🤖 AI Summary
This work addresses the limitations of human-selected interpretable concepts in reinforcement learning—namely their reliance on domain expertise, high cost, and lack of performance guarantees. The authors formulate concept selection as a state abstraction problem and introduce a “decision relevance” criterion: retaining only those concepts that distinguish states requiring different actions, thereby ensuring that states sharing the same concept also share an optimal action. Building on this principle, they propose DRS, the first algorithm for automatic concept selection in sequential decision-making, which integrates state abstraction theory to define a decision relevance metric and jointly optimizes candidate concept filtering with policy learning. Theoretical analysis provides error bounds linking selected concepts to policy performance, and experiments demonstrate that DRS automatically recovers or even surpasses handcrafted concept sets across multiple RL benchmarks and a real-world clinical environment, significantly improving the efficacy of concept-based interventions at test time.
📝 Abstract
Training interpretable concept-based policies requires practitioners to manually select which human-understandable concepts an agent should reason with when making sequential decisions. This selection demands domain expertise, is time-consuming and costly, scales poorly with the number of candidates, and provides no performance guarantees. To overcome this limitation, we propose the first algorithms for principled automatic concept selection in sequential decision-making.

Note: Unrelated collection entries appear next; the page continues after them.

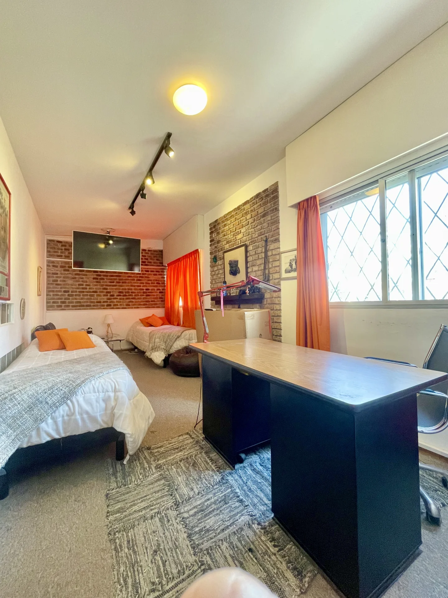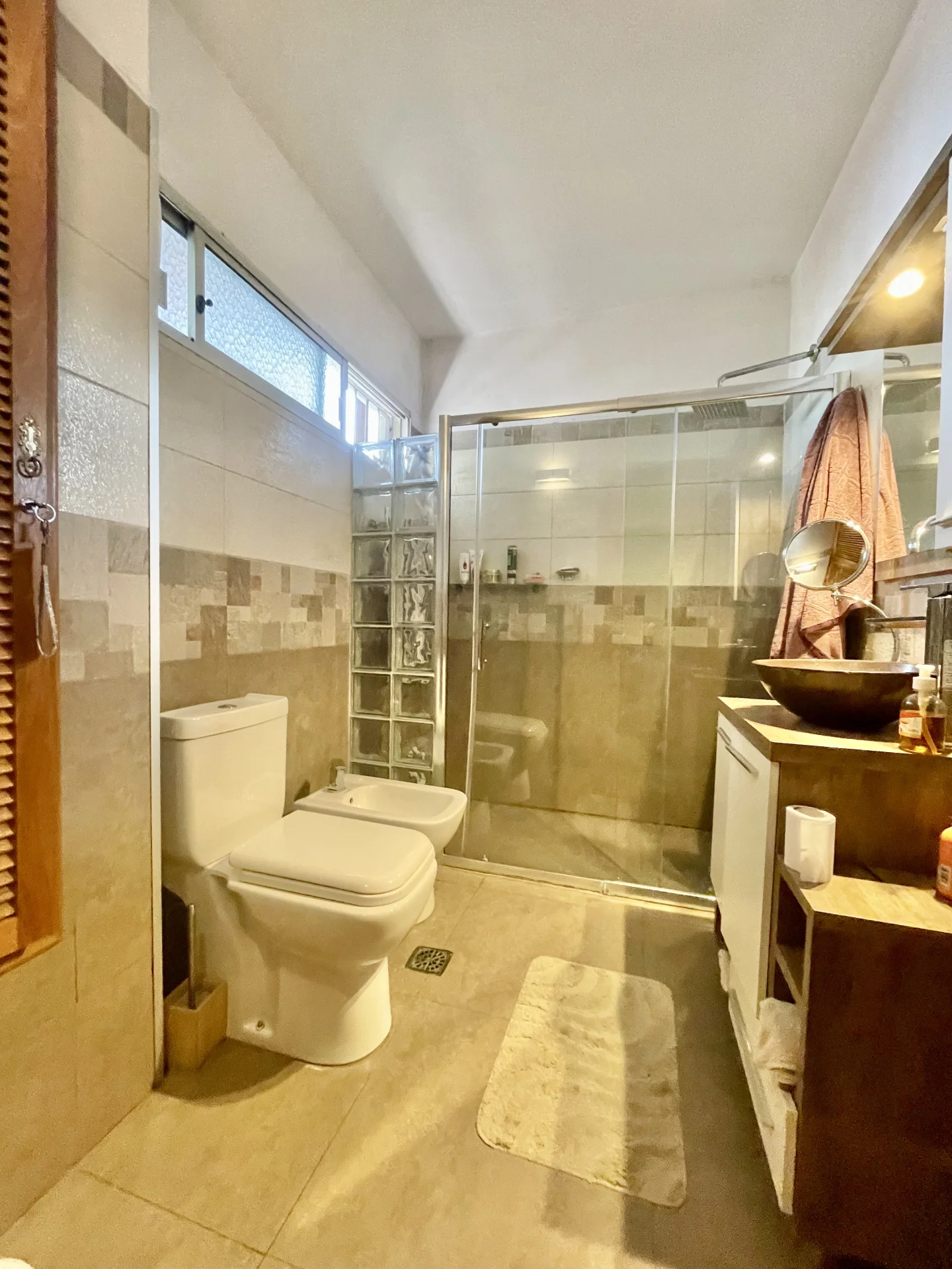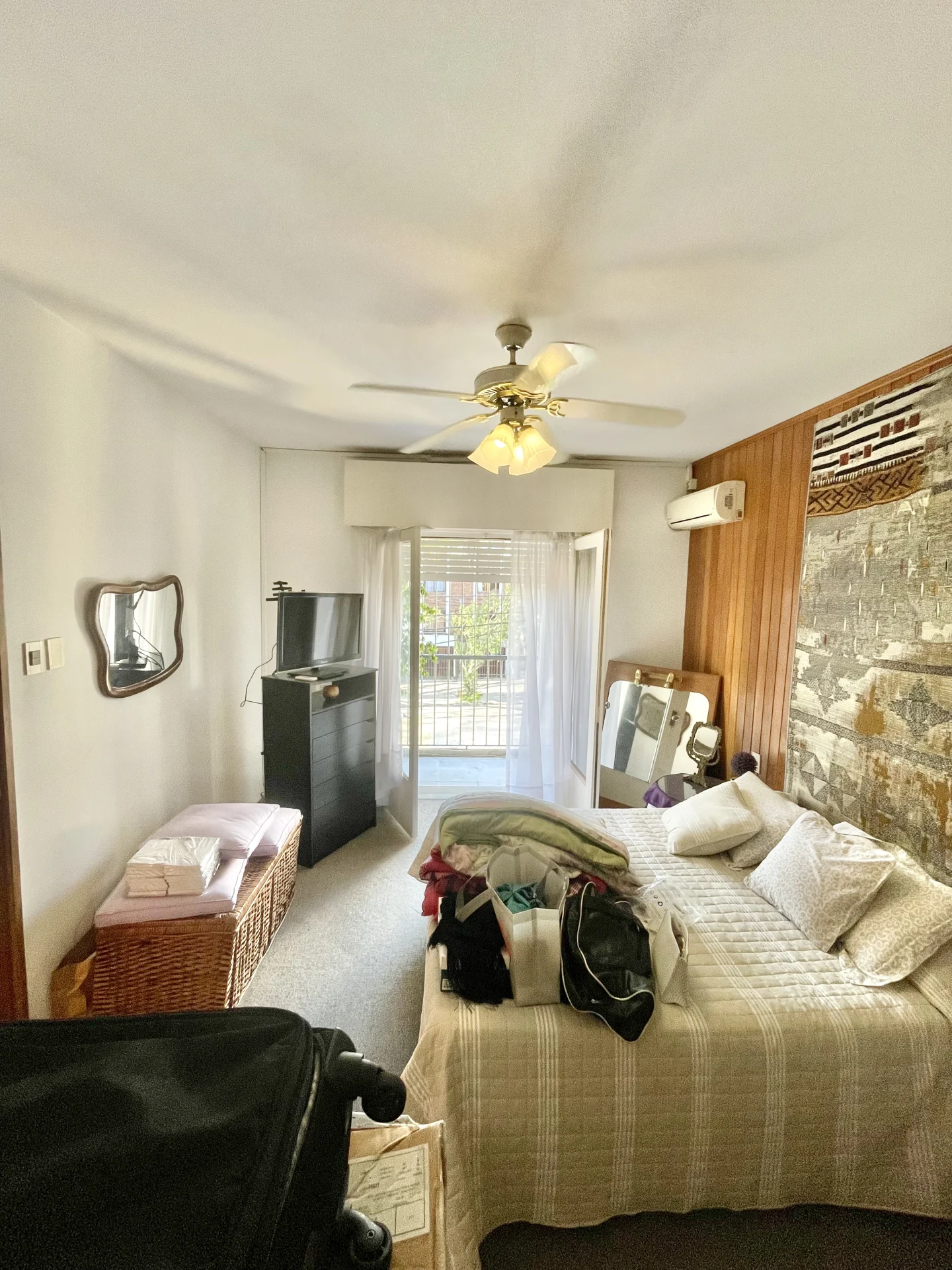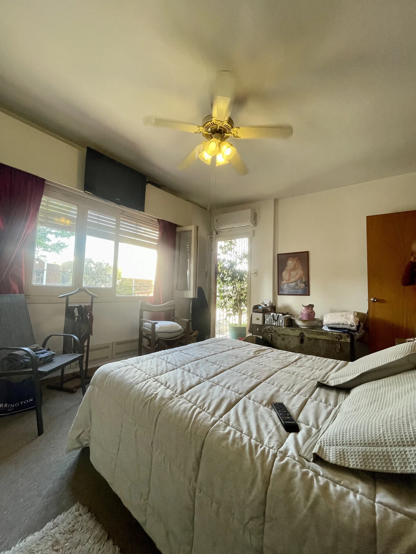 Se encuentran tres dormitorios, dos baños completos, una terraza balcón al frente y otra al contrafrente. La orientación norte proporciona luz natural en gran parte del día.
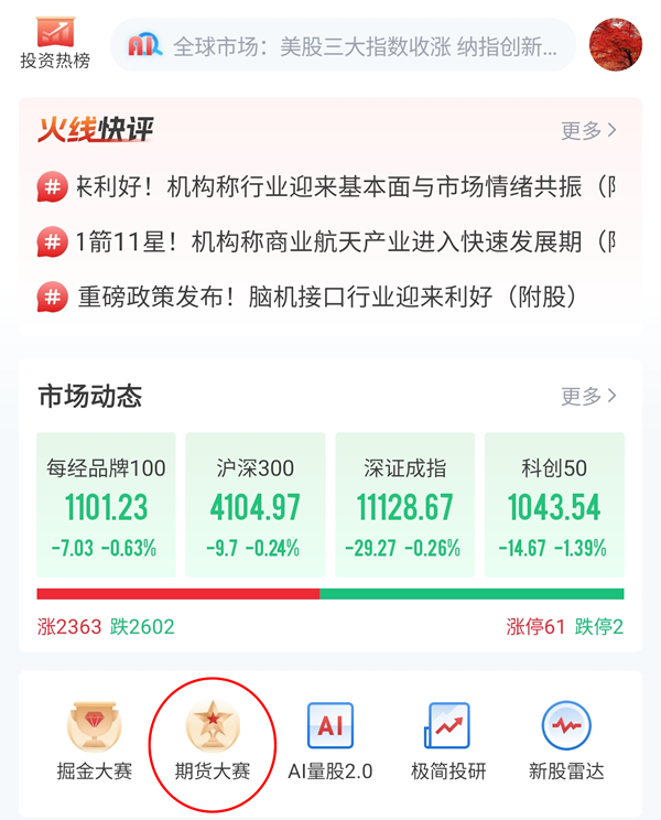 投资的实质是认知的变现,而认知来自施行。与其正在股票的涨跌中焦心,不如来期货模仿大赛里练手100万虚拟资金,零本钱试错,又有线日起,翻开逐日经济音讯APP,循序点击个人订制-期货大赛,即可报名参赛,开启你的新投资途程吧!
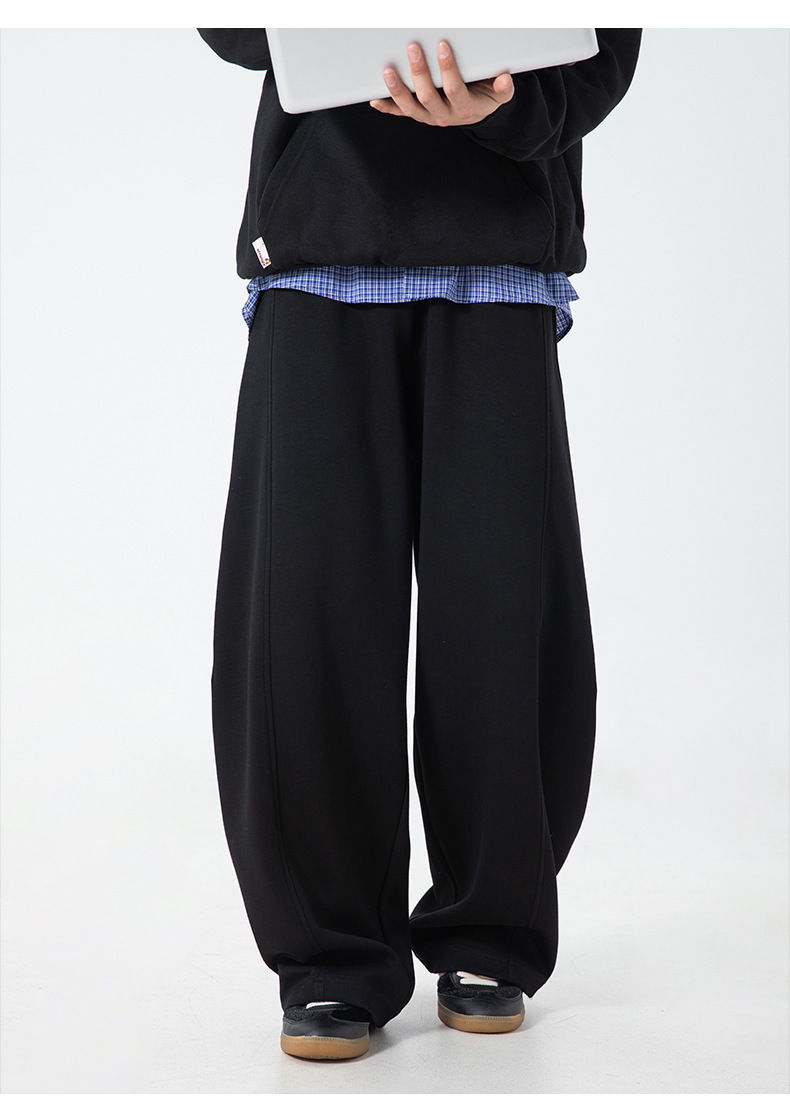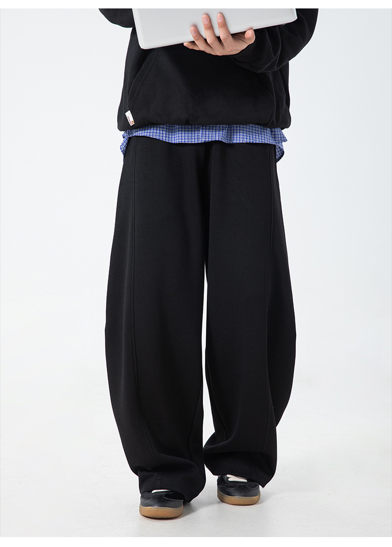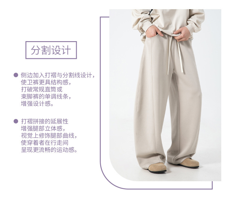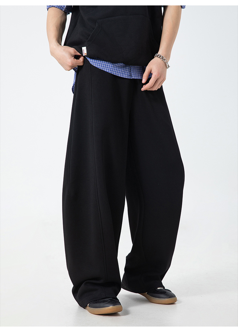 분할 스티치 질감 캐주얼 팬츠 남성용 가을 신상 실루엣 벤드 팬츠 드레이프 루즈핏 아메리칸 스포츠 팬츠
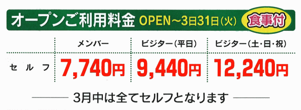 | 2026オープンプレー料金 |

Our key insight is that concept selection can be viewed through the lens of state abstraction: intuitively, a concept is decision-relevant if removing it would cause the agent to confuse states that require different actions. As a result, agents should rely on decision-relevant concepts; states with the same concept representation should share the same optimal action, which preserves the optimal decision structure of the original state space. This perspective leads to the Decision-Relevant Selection (DRS) algorithm, which selects a subset of concepts from a candidate set, along with performance bounds relating the selected concepts to the performance of the resulting policy. Empirically, DRS automatically recovers manually curated concept sets while matching or exceeding their performance, and improves the effectiveness of test-time concept interventions across reinforcement learning benchmarks and real-world healthcare environments.